**Exercise requirements**
Search the material below for the string "Angelico" and extract each line that has it.

**Material provided**
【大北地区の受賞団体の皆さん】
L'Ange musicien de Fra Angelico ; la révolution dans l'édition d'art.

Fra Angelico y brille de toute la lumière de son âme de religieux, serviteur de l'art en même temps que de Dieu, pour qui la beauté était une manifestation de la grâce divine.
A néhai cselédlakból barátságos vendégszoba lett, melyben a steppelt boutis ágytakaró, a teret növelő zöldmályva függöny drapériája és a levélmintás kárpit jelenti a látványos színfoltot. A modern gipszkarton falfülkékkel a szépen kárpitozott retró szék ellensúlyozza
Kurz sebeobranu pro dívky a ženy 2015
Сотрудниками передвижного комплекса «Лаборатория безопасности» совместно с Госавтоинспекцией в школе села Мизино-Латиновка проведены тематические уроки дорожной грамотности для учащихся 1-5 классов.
--
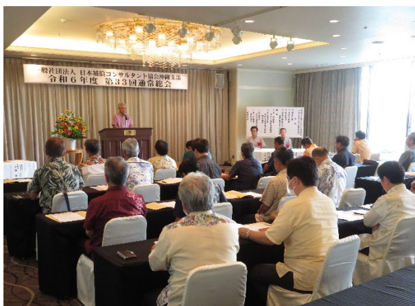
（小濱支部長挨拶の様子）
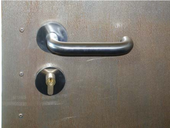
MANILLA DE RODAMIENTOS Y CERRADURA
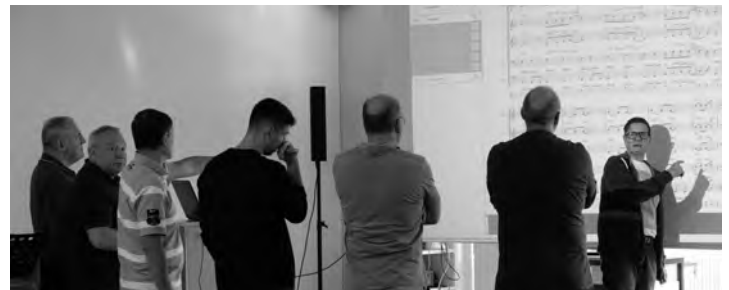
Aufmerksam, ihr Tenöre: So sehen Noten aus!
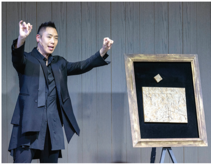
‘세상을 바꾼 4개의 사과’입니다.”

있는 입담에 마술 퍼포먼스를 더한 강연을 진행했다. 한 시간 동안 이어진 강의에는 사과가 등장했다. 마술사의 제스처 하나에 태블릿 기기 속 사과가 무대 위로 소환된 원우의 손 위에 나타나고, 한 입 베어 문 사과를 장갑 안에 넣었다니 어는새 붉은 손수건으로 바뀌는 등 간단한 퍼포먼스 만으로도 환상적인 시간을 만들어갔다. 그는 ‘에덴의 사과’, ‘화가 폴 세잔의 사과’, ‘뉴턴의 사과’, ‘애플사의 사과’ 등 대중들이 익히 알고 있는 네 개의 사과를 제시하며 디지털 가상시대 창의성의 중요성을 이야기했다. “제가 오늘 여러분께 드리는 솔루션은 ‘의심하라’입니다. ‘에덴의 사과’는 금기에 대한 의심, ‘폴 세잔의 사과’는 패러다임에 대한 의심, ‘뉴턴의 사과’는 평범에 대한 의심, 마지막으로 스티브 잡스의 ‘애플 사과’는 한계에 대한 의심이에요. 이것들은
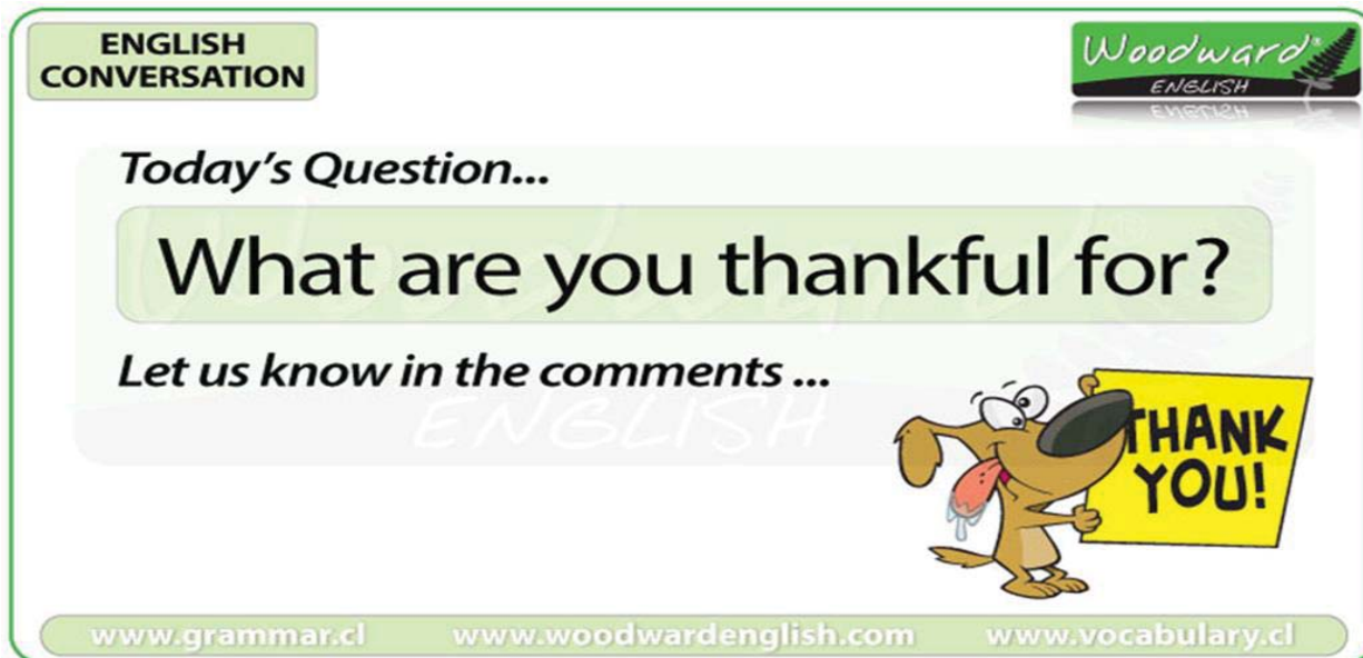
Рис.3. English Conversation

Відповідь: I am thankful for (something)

**Task answer**
L'Ange musicien de Fra Angelico ; la révolution dans l'édition d'art.
Fra Angelico y brille de toute la lumière de son âme de religieux, serviteur de l'art en même temps que de Dieu, pour qui la beauté était une manifestation de la grâce divine.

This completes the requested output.